• [Provided data]:
☆ ☆ ☆

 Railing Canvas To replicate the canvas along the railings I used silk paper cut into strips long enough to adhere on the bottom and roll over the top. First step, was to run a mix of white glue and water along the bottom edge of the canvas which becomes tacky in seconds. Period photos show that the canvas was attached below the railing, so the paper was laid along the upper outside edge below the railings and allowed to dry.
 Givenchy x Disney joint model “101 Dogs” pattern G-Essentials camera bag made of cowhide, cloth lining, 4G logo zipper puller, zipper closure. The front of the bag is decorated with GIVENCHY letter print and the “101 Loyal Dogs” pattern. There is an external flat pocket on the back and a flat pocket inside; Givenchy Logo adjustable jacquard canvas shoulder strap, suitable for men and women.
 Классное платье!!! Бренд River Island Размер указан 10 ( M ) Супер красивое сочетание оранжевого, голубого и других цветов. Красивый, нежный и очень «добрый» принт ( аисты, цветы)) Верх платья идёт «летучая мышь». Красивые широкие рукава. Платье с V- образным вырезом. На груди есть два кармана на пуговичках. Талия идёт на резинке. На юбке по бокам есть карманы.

☆ ☆ ☆

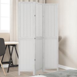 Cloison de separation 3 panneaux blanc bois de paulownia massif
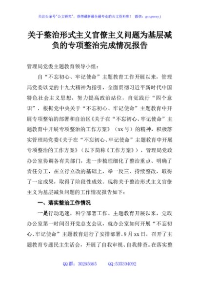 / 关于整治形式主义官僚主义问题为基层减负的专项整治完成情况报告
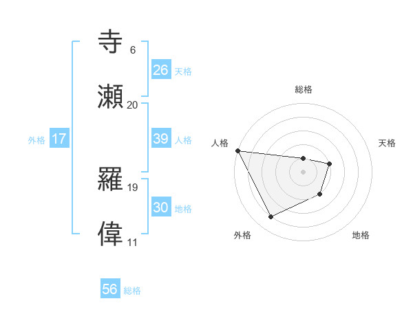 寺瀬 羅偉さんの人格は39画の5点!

☆ ☆ ☆

• [Aim of the task]: Give back, word for word, only the lines above from the line holding "Railing Canvas To" to the line holding "Классное платье!!! Бренд", both included.

• [Written solution]:
 Railing Canvas To replicate the canvas along the railings I used silk paper cut into strips long enough to adhere on the bottom and roll over the top. First step, was to run a mix of white glue and water along the bottom edge of the canvas which becomes tacky in seconds. Period photos show that the canvas was attached below the railing, so the paper was laid along the upper outside edge below the railings and allowed to dry.
 Givenchy x Disney joint model “101 Dogs” pattern G-Essentials camera bag made of cowhide, cloth lining, 4G logo zipper puller, zipper closure. The front of the bag is decorated with GIVENCHY letter print and the “101 Loyal Dogs” pattern. There is an external flat pocket on the back and a flat pocket inside; Givenchy Logo adjustable jacquard canvas shoulder strap, suitable for men and women.
 Классное платье!!! Бренд River Island Размер указан 10 ( M ) Супер красивое сочетание оранжевого, голубого и других цветов. Красивый, нежный и очень «добрый» принт ( аисты, цветы)) Верх платья идёт «летучая мышь». Красивые широкие рукава. Платье с V- образным вырезом. На груди есть два кармана на пуговичках. Талия идёт на резинке. На юбке по бокам есть карманы.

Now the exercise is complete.